Zalety octu jabłkowego
- ogromna zawartość potasu, który pomaga w przyswajaniu wapnia, magnezu i krzemu. Jeśli czujemy się zmęczeni, bolą nas mięśnie, cierpimy na chronicznie zimne dłonie i stopy lub skarżymy się na ból głowy, to może to oznaczać właśnie brak potasu w organizmie;
- zawartość witamin z grupy B, C, E, A, P, beta-karoten oraz pierwiastków takich jak magnez, fosfor, siarka, krzem, fluor, sód, wapień, żelazo, magnez;
- ocet jabłkowy wyrównuje kwasowość żołądka w zależności od występujących anomalii może zwiększać lub zmniejszać kwasowość;
- likwiduje zgagę, pieczenie żołądka, nadmierne wydzielanie enzymów;
- reguluje problemy z wypróżnianiem i oczyszcza ze złogów cały układ trawienny;
- pomaga przy odbudowie właściwej flory bakteryjnej;
- oczyszcza nerki i kanały moczowe;
- eliminuje toksyny z krwi i stabilizuje ciśnienie krwi;
- zmniejsza poziom cholesterolu rozbijając komórki tłuszczowe i regulując metabolizm tłuszczów;
- usuwa zbędne złogi tłuszczu z organizmu i przyspiesza metabolizm, dzięki czemu wspomaga odchudzanie;
- łagodzi objawy cukrzycy.
Jak należy spożywać ocet jabłkowy?
Najlepiej rano, na czczo po przebudzeniu – do jednej szklanki letniej, przegotowanej wody dodajemy jedną łyżeczkę od herbaty octu jabłkowego i/lub na noc (w tym wypadku pomaga w zasypaniu). Niektórzy zalecają picie trzech szklanek dziennie z dodatkiem octu, zawsze przed posiłkami. Ważne jest, by temperatura wody z octem nie przekraczała 60 stopni Celsjusza, bo wtedy niszczą się cenne enzymy. Nigdy jednak nie pijemy octu jabłkowego bez rozcieńczenia!
Jak smakuje ocet jabłkowy?
Mój „pierwszy raz” był niefortunny. Kupiłam go w Hiszpanii, myśląc że to zwykły, ekologiczny sok jabłkowy. Już miałam podać go dziecku, ale coś mnie tknęło – spróbowałam i myślałam, że padnę! Spojrzałam na etykietę i zrozumiałam swój błąd! Dlatego ostrzegam: nie próbujcie octu jabłkowego, który nie jest rozcieńczony! Można go pić tylko w odpowiednich proporcjach, tj. jedna (maksymalnie dwie) łyżeczka od herbaty na pełną szklankę wody.
Efekty?
Jak zawsze potrzeba czasu ! Tylko regularne picie wody z dodatkiem octu jabłkowego, może przynieść efekt. Od kilku dni zaczęłam dodawać go do szklanki letniej wody, zamiast porannej wody z cytryną, ale czy przyniesie spodziewane efekty? Sama jestem ciekawa!

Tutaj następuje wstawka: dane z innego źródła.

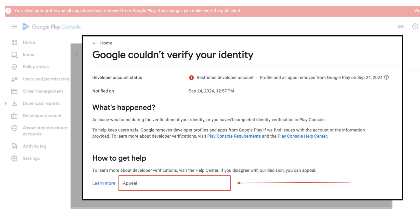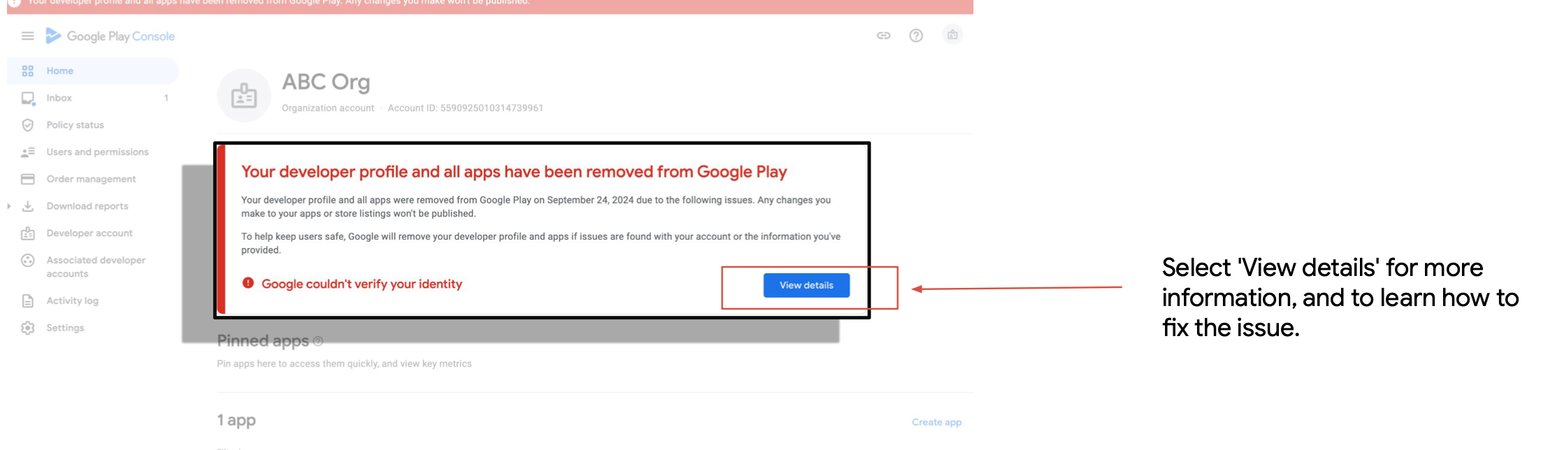 Your Play Console homepage will display a message explaining why we couldn’t verify your account. The account owner will also receive emails with more details.

Gdzie kupić ocet jabłkowy?
Oczywiście, tak jak w przypadku dobroczynnego płukania ust olejem kokosowym, produkt musi być ekologiczny i taki napis powinien widnieć na etykiecie! Ekologiczny ocet jabłkowy znalazłam w Hiszpanii w Carrefour na dziale BIO, a w Polsce znajdziecie na pewno w drogerii Rossmann, wybranych sklepach spożywczych lub w internecie – sprawdzone przeze mnie miejsce: tutaj Słyszałam opinię, że prawdziwy ocet jabłkowy powinien być mętny, nie klarowny jak mój ze zdjęcia, jednak takiego jeszcze nie spotkałam w żadnym sklepie, a wiem, że samodzielne przygotowanie octu jabłkowego zajmuje sporo czasu i nie ma się pewności, czy się uda.
Źródło: Andrzej Motyl „Nieznany Świat”
AKTUALIZACJA!
Niestety po kilku próbach wypicia soku z octem jabłkowym, musiałam zrezygnować, bo mój nos i moje kubki smakowe nie mogły już znieść tego zapachu i smaku.